▶ Exercise brief
This task calls for the lines below starting at the one containing "每年一度的人鬼乱斗,僵尸大作" and ending at the one containing "The image displays", repeated exactly with both ends kept and pictures left out.

┄┄┄┄┄┄

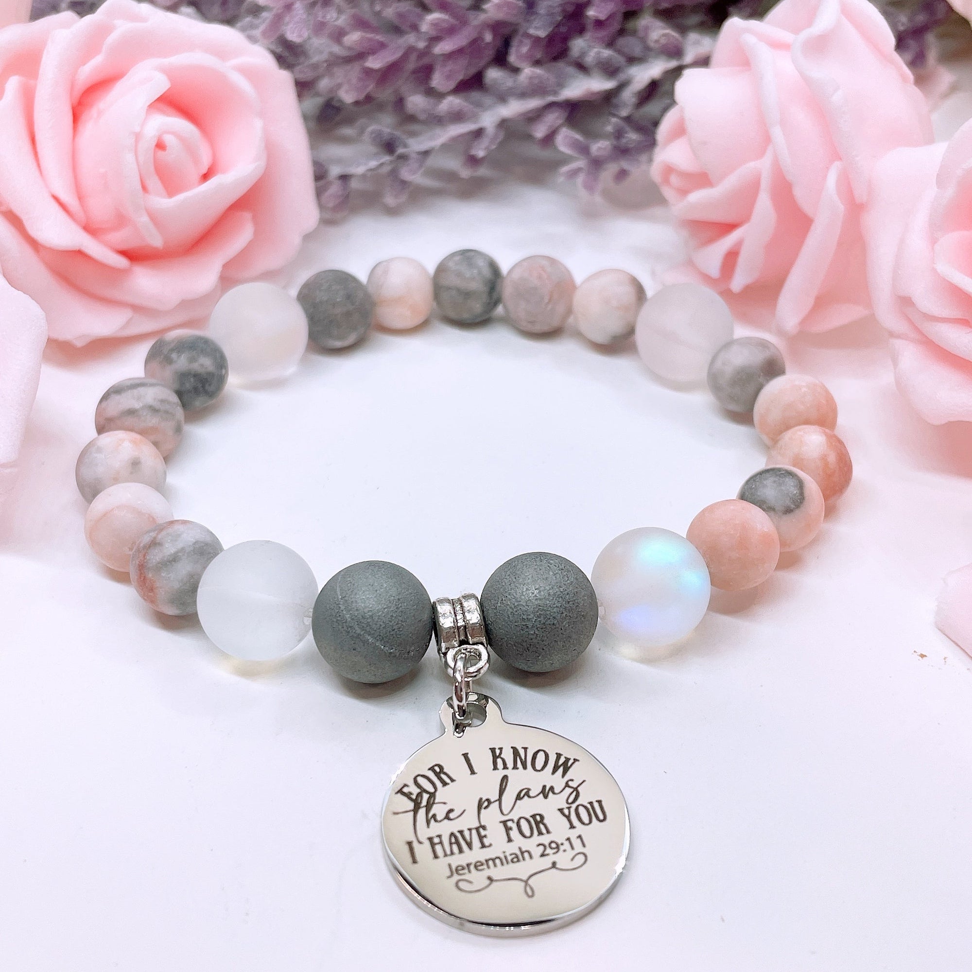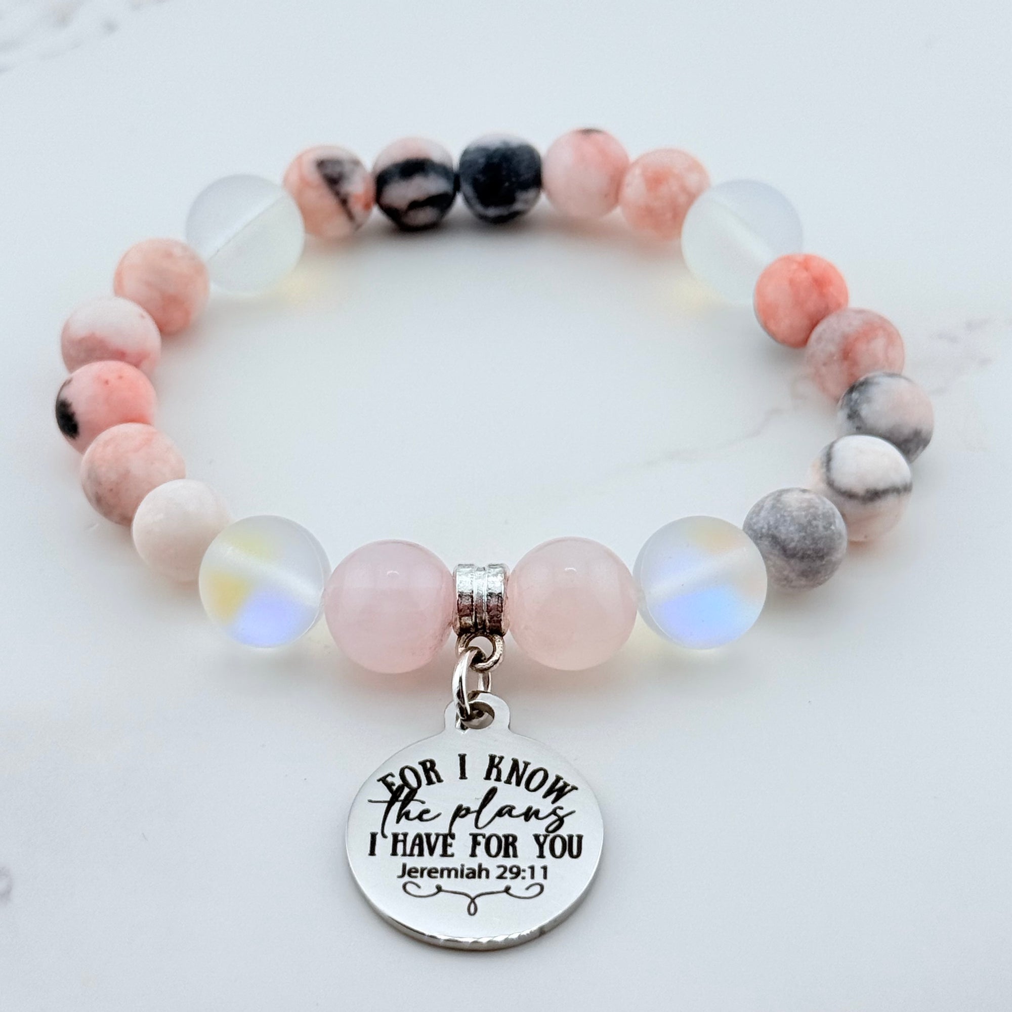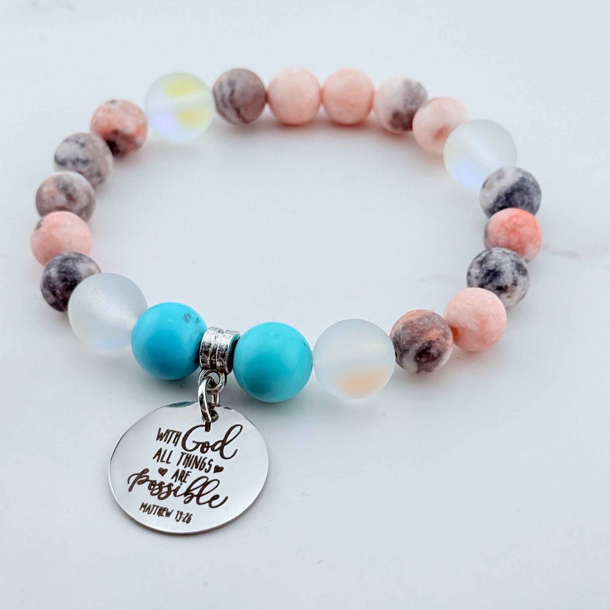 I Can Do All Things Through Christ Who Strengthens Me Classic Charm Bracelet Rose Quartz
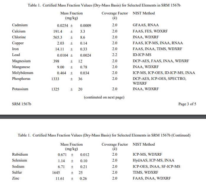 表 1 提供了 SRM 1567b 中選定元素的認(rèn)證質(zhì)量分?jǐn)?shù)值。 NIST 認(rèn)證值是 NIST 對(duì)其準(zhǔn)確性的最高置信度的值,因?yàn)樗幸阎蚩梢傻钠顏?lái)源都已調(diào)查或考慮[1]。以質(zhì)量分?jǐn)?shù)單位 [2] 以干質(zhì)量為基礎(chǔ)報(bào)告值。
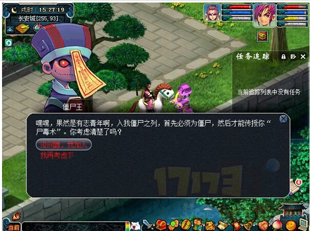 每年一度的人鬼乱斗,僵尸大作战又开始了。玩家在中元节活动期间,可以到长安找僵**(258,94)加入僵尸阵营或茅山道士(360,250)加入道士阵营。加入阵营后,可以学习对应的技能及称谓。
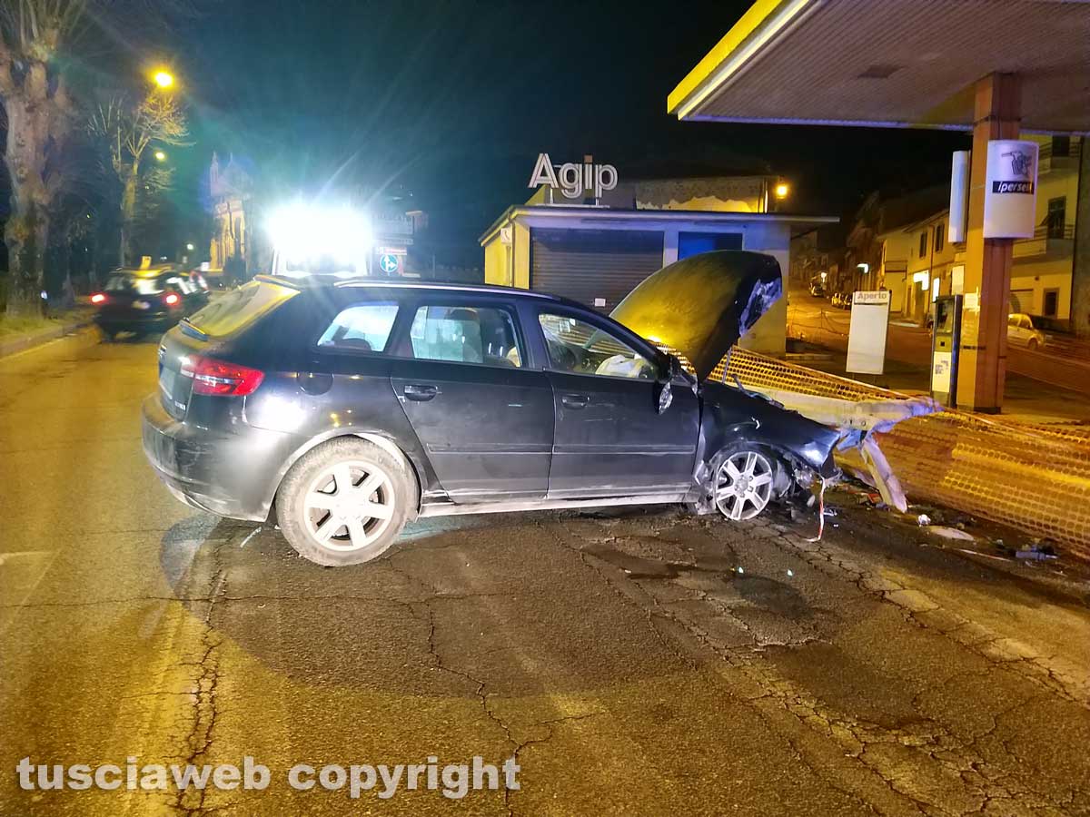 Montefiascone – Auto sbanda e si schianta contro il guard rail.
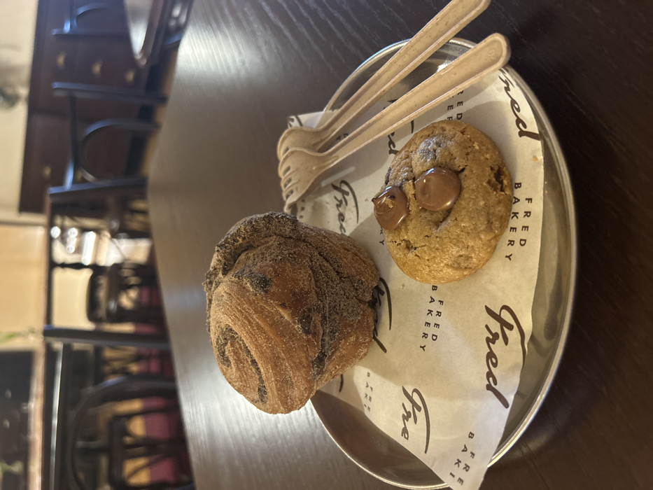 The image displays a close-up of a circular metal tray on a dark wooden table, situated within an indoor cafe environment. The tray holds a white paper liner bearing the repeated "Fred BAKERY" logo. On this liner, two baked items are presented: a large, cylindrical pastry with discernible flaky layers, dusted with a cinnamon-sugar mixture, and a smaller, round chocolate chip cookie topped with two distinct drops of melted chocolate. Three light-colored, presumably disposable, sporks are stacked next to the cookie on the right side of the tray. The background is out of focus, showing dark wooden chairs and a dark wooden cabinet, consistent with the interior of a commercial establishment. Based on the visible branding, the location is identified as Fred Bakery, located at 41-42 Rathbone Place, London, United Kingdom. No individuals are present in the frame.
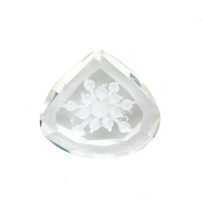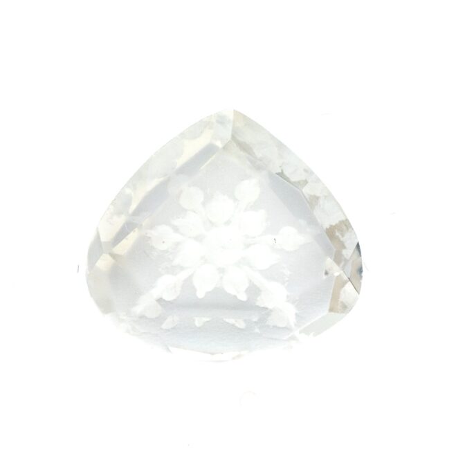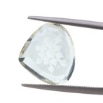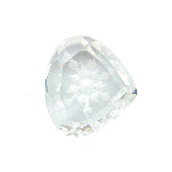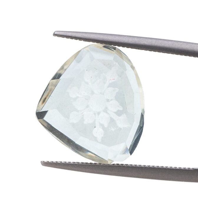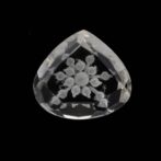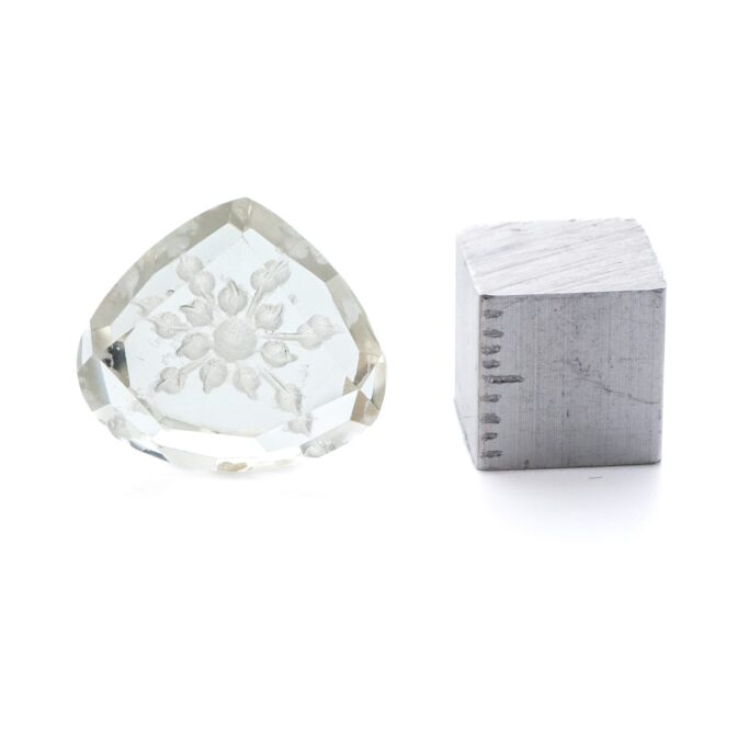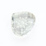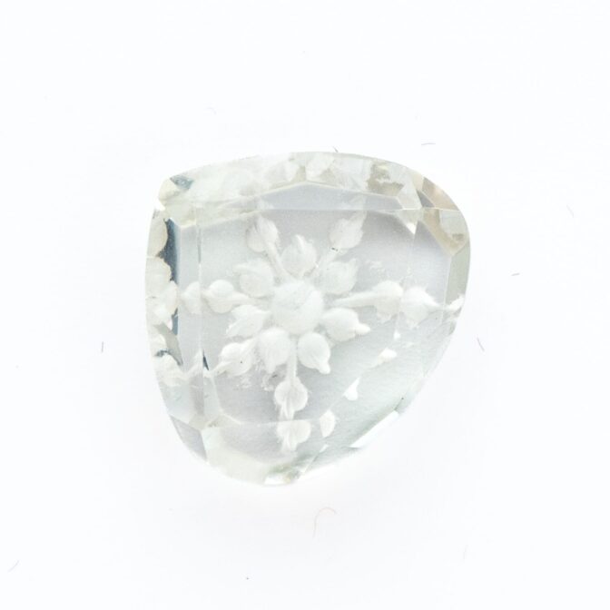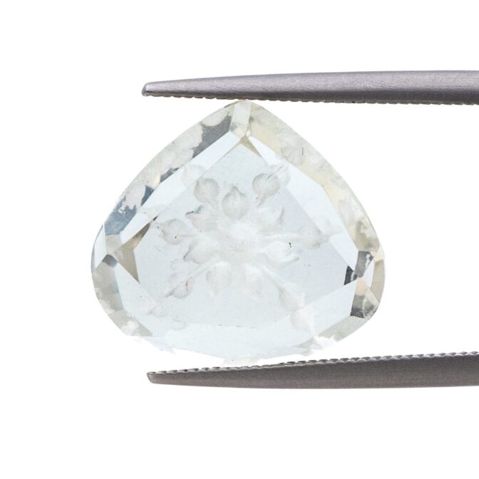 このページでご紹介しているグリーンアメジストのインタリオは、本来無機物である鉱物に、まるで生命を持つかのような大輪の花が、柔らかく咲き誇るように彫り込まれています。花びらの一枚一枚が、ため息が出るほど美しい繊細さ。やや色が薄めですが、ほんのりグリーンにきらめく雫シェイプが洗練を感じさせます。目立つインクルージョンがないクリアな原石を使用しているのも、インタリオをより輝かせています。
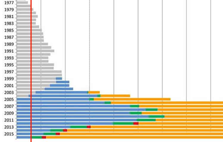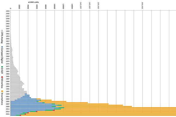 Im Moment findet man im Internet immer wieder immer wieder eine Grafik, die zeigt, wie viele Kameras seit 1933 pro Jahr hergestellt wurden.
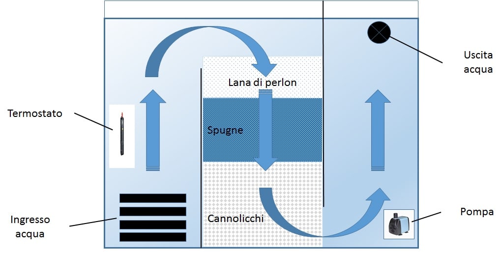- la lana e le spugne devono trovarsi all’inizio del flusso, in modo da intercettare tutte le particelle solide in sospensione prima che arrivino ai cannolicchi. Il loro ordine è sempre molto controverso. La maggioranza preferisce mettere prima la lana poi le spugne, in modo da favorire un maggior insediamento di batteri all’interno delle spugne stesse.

┄┄┄┄┄┄

▶ Answer to this problem
 每年一度的人鬼乱斗,僵尸大作战又开始了。玩家在中元节活动期间,可以到长安找僵**(258,94)加入僵尸阵营或茅山道士(360,250)加入道士阵营。加入阵营后,可以学习对应的技能及称谓。
 Montefiascone – Auto sbanda e si schianta contro il guard rail.
 The image displays a close-up of a circular metal tray on a dark wooden table, situated within an indoor cafe environment. The tray holds a white paper liner bearing the repeated "Fred BAKERY" logo. On this liner, two baked items are presented: a large, cylindrical pastry with discernible flaky layers, dusted with a cinnamon-sugar mixture, and a smaller, round chocolate chip cookie topped with two distinct drops of melted chocolate. Three light-colored, presumably disposable, sporks are stacked next to the cookie on the right side of the tray. The background is out of focus, showing dark wooden chairs and a dark wooden cabinet, consistent with the interior of a commercial establishment. Based on the visible branding, the location is identified as Fred Bakery, located at 41-42 Rathbone Place, London, United Kingdom. No individuals are present in the frame.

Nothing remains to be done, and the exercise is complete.